— Да здравствует Коммунистическая партия большевиков! — выкрикнул седой полковник, словно бы взрываясь. — Да здравствует наша героическая Красная Армия!
И снова раскатилось «ура», да такое мощное, что, должно быть, выплеснуло на волжское раздолье…
При общем возбуждении и Сергей, на радость Оленьке, наконец-то лишился обычной невозмутимости. Низко пригнувшись, касаясь румяной девичьей щеки своим острым, с ложбинкой, подбородком, он горячо зашептал:
— Ты слышала, слышала, что говорил полковник Соколов?.. Он сказал: Германия и Советский Союз не будут воевать друг с другом! Они будут мирно сотрудничать. Ты слышала, слышала?..
В это время сводный оркестр всей трубной мощью грянул «Интернационал».
А когда унеслись, развеялись звуки мятежного гимна — в тишине, особенно торжественной, точно высветленной пылающей медью труб, начался военный парад.
Прямо перед Оленькой, глядя, казалось, на нее одну своими скошенными немигающими глазами, легко и длинно выбрасывая ноги, пошли церемониальным маршем, с размеренно-согласным колыханием и взблескиванием штыков, воинские части; за ними — курсанты авиаучилища. А уж за курсантами двигались отряды осоавиахимовцев в пиджаках и кепках, с ворошиловскими значками на лацканах, при стареньких винтовках без штыков, иные — со сложенными парашютами на спинах, другие — с прыгающими на боку противогазами; однако все они выглядели как-то по-домашнему и даже огорчили Оленьку своим простецким видом.
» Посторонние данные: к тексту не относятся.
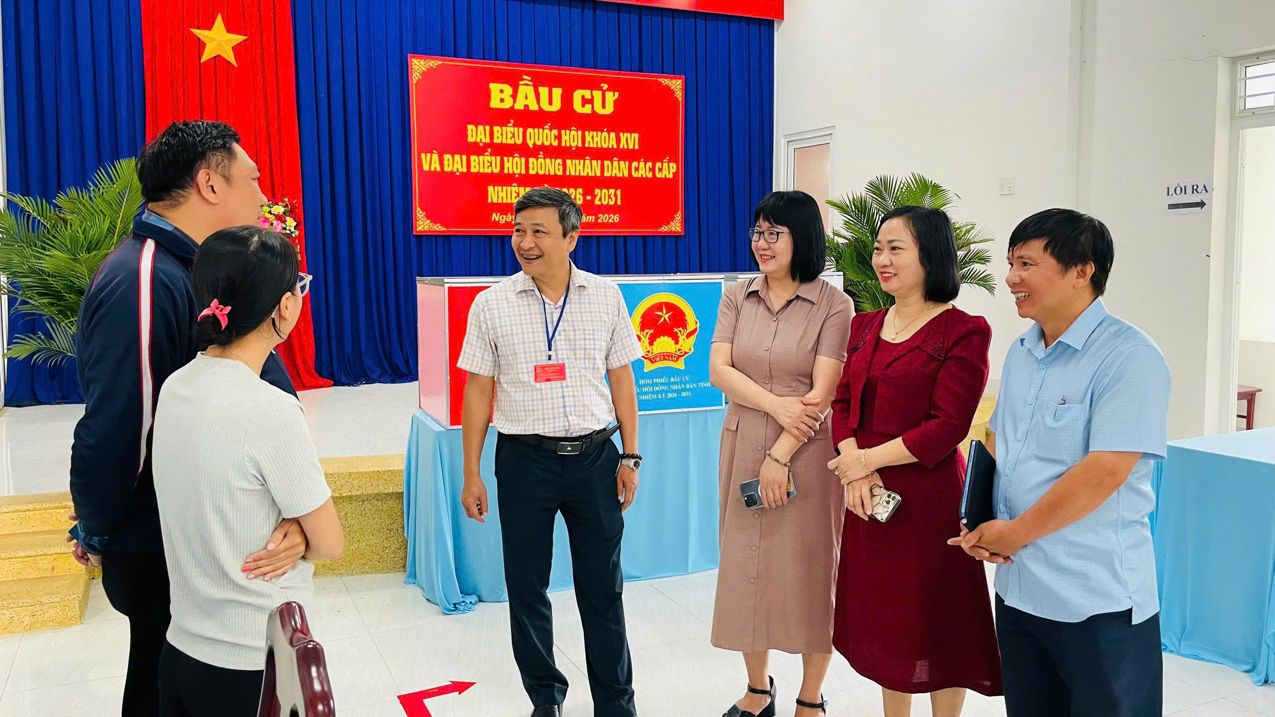 Đồng chí Trần Nam Bình (thứ 4 từ phải sang) và đồng chí Lê Thị Huyên – Phó Bí thư Thường trực Đảng ủy, Chủ nhiệm Ủy ban Kiểm tra Đảng ủy, Phó Trưởng Ban Chỉ đạo về công tác bầu cử phường (thứ 3 từ phải sang) kiểm tra công tác chuẩn bị bầu cử tại Khu vực bỏ phiếu số 34.

Зато потом, после мешковатых осоавиахимовцев, военный парад развернулся во всем своем грозном могуществе.
В стремительном аллюре пронеслась конница. Сплошь гнедые, сытые горячие кони с примоченными гривами дружно выбивали подковами из камней каленые искры, в то время как распластанные вдоль их вытянутых летящих тел всадники в фуражках, схваченных у подбородка ремешками, винтообразно взмахивали саблями над головой и, казалось, прямо из воздуха высекали молниевидный огонь, который ослеплял девушку ярче солнца.
За кавалерией с устрашающим лязганьем окованных колес, под бешеные всхрапы по трое впряженных коней с вскосмаченными гривами промчались легендарные тачанки — и на трибуне без удержу захлопали им, а Оленькин сосед, седенький старичок с орденом, даже пропел задорным тенорком: «Эх, тачанка-ростовчанка, все четыре колеса!»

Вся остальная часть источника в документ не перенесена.